The language barrier can also present additional challenges for both US investors and for Asian managers looking to raise US institutional capital to grow their business.  Specifically, it is possible that the CIO or portfolio manager of an Asian investment fund will either not speak any English or only speak it on a limited basis.  This language barrier can make it difficult to explain a strategy to a potential investor.  The most important hire that fund managers in this situation can make may sometimes be a good investor relations manager who fully understands the strategy and has a strong grasp of the English language.

Leveraging the Asian Century

In highlighting the diversification benefits of adding Asian alternative strategies to investment portfolios, US institutional investors stand on the threshold of a potentially highly rewarding opportunity.  From an alternative investment standpoint, Asian funds offer something different for US institutional investors and are arguably better positioned for outperformance with an enhanced risk-reward profile. 
The Maples Group has spent the last 25 years helping some of the best performing fund managers in Asia develop their legal, governance and operational infrastructure.  This strong foundation has enabled these managers to grow AUM from institutional investors seeking funds with high operational and governance standards.  We can also help US investors who desire to increase exposure to alternatives in this region.

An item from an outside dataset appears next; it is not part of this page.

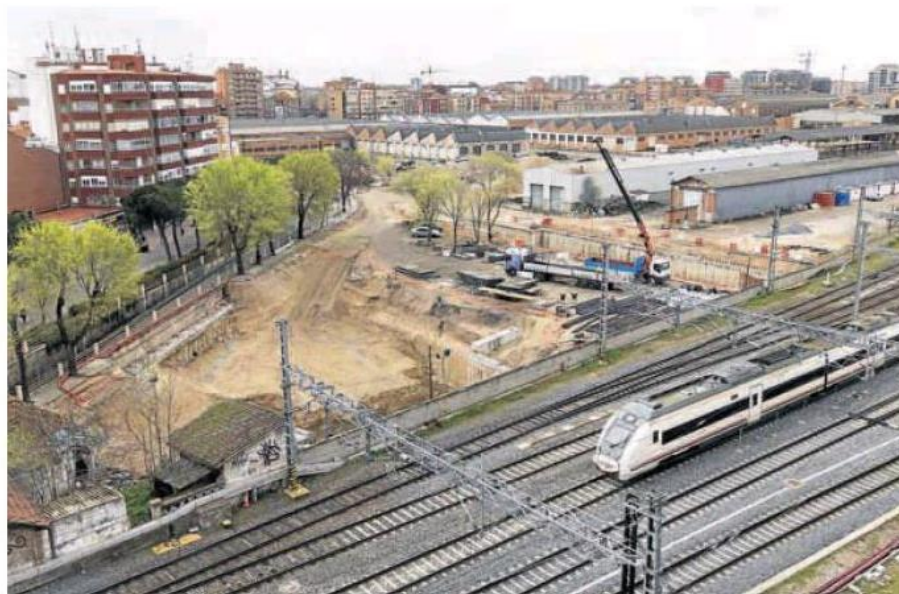
Estado de las obras en la avenida de Segovia, donde ya se ve la salida del túnel de Panaderos y el hueco del paso peatonal. JOSÉ C. CASTILLO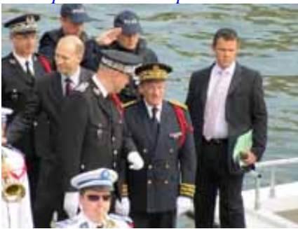
Arrivée sur le Bourgogne de Michel Gaudin, Préfet de police, Préfet de la zone de défense de Paris depuis le 25 mai 2007.

In addition to our legal and fiduciary capabilities, our fund services group offers a broad range of middle-and back-office services and is committed to working as a dedicated partner with our hedge fund, institutional investor and private equity clients.  We combine a deep level of knowledge and perspective with innovative technology to provide high quality services that include fund accounting, investor services, regulatory and compliance services, as well as sophisticated and intuitive reporting.  

By leveraging our regional expertise in Asia with our global structuring and operational capabilities, we can help managers in the region and investors from around the world create the optimal operational and structural infrastructure for their desired level of engagement and transparency.  As the Asian Century gains momentum, US institutional investors can share in the rewards of the economic advances yet to come, and we remain committed to being a strong and supportive partner in these endeavours.